Morar, nesse sentido, não se refere a um lugar “físico” que possa ser localizado em termos matemáticos; é precisamente aquilo que resiste a qualquer localização matemática ou científica. Estar no mundo no sentido de habitar significa estar na presença de (bei) outros entes e, portanto, estar sempre situado em um contexto específico; significa ser um local aberto, não apenas ou principalmente para os entes, mas para os entes em sua presença e presentificação. Existir como tal local é também ser uma presença excepcional em meio a outros entes — excepcional porque, embora seja o local de revelação de outros entes como um todo, esse local em si nunca é totalmente revelado como tal. O local da não ocultação é igualmente, na verdade ainda mais, um local de ocultação, ele próprio oculto em sua essência mais íntima.

O que as tragédias de Sófocles   abrigam e podem nos revelar não é tanto a “essência” desse local no sentido do que ele é, mas o próprio local em sua prevalência e ocorrência, em seu acontecimento e desdobramento mundanos. Em outras palavras, as tragédias abrigam, não a “essência” da habitação no sentido filosófico-aristotélico de Wesen (do to ti en einai), mas no sentido verbal de Wesen como o “acontecimento essencial” ou a autoexibição e autoconhecimento duradouros de algo. [GA5  ] No entanto, este último é revelado — se é que chega a ser revelado — não como um fundamento já existente, mas de forma histórica, ou, como Heidegger também diria, de forma destinal e epocal; e esse desvelamento ocorre, se e quando ocorre, não em um logos descritivo que contempla (theorein) aquilo que é em sua forma permanente (eidos), mas poeticamente, em um contar e dizer que é poético e que, em seu próprio acontecimento, não apenas revela, mas encena e, assim, realiza a “morada poética” (para usar a palavra de Hölderlin  ) dos seres humanos nesta Terra. [1] Dizer que ela realiza e concretiza a habitação humana significa que a narração poética das tragédias de Sófocles   é, em si, uma práxis ou “ação” originária.

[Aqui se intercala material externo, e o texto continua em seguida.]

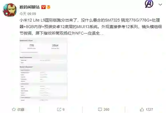 另外,据 @数码闲聊站 爆料,小米 12 Lite 不仅有骁龙 778G,还有骁龙 778G+ 版本,预装了 MIUI 13 系统,外观为小米 12 家族式设计。该手机还配备了屏下指纹、双扬声器、红外、NFC 等我们熟悉的硬件。值得一提的是,小米 Civi 产品经理胡馨心此前曾证实小米 12 青春版已经“没有”了,那么小米 12 Lite 或许不在国内发布,也可能会采用新的命名方式。
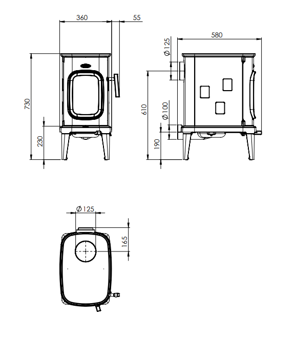 Podłączenie dymowe: ø125 góra lub tył piecyka;

Essa narração, segundo a leitura de Heidegger, não apenas “retrata”, “representa” ou “figura” a ação humana. A “Carta sobre o ‘Humanismo’” de fato começa convidando-nos a repensar a essência da ação ou práxis: agir, indica Heidegger, não significa causar ou produzir um efeito; ao contrário, “a essência da ação é a realização”. Realizar, vollbringen, significa desdobrar algo na plenitude de sua “essência”, levá-lo ao seu pleno desdobramento. Mas se for assim, então só podemos levar ao seu pleno desenvolvimento aquilo que, de alguma forma, já “é”:

Mas o que “é” acima de tudo é o Ser. O pensamento realiza [vollbringt] a relação do Ser com a essência do ser humano. Ele não cria ou causa a relação. O pensamento traz essa relação ao Ser apenas como algo entregue ao próprio pensamento pelo Ser. Essa oferta consiste no fato de que, ao pensar, o Ser chega à linguagem. A linguagem é a casa do Ser. Em sua casa habitam os seres humanos. Os pensadores e poetas são os guardiões dessa casa. (GA9  :W, 145)

O dizer poético das tragédias de Sófocles  , portanto, realiza o Ser dos seres humanos como moradia. Ele o faz ao encenar cuidadosamente, ou seja, ao trazer à plena revelação, o desdobramento de tal habitação em seu próprio tempo e situação. Os pensadores e poetas, prossegue Heidegger, “guardam” ou cuidam da propriedade da habitação humana ao realizar a manifestação do Ser, ao levar essa manifestação a seu pleno desdobramento, e isso ocorre como seu dizer e contar do Ser. Quando esse relato acontece, o Ser em si vem à tona e é “preservado” na linguagem. [2] Os seres humanos se manifestam em sua relação com o Ser, ou seja, na maneira como habitam em meio aos entes como um todo.


Ver online : William McNeill


MCNEILL, William. The Time of Life. Heidegger and Ethos. New York: State University of New York Press, 2006


[1Nas observações a seguir, o termo poético deve ser tomado no sentido amplo do grego poiesis ou do alemão Dichtung. Não significa que devemos nos preocupar principalmente com “poesia” no sentido restrito e, portanto, talvez seja melhor traduzi-lo como “poiético”.

[2“Ser em si” aqui significa Ser em seu acontecimento; pois tal preservação em si acontece somente quando tal relato acontece, e o evento da linguagem é, como ação originária, sempre finito, isto é, singular e único. Sobre “preservação” (Bewahrung), ver “The Origin of the Work of Art” (1936).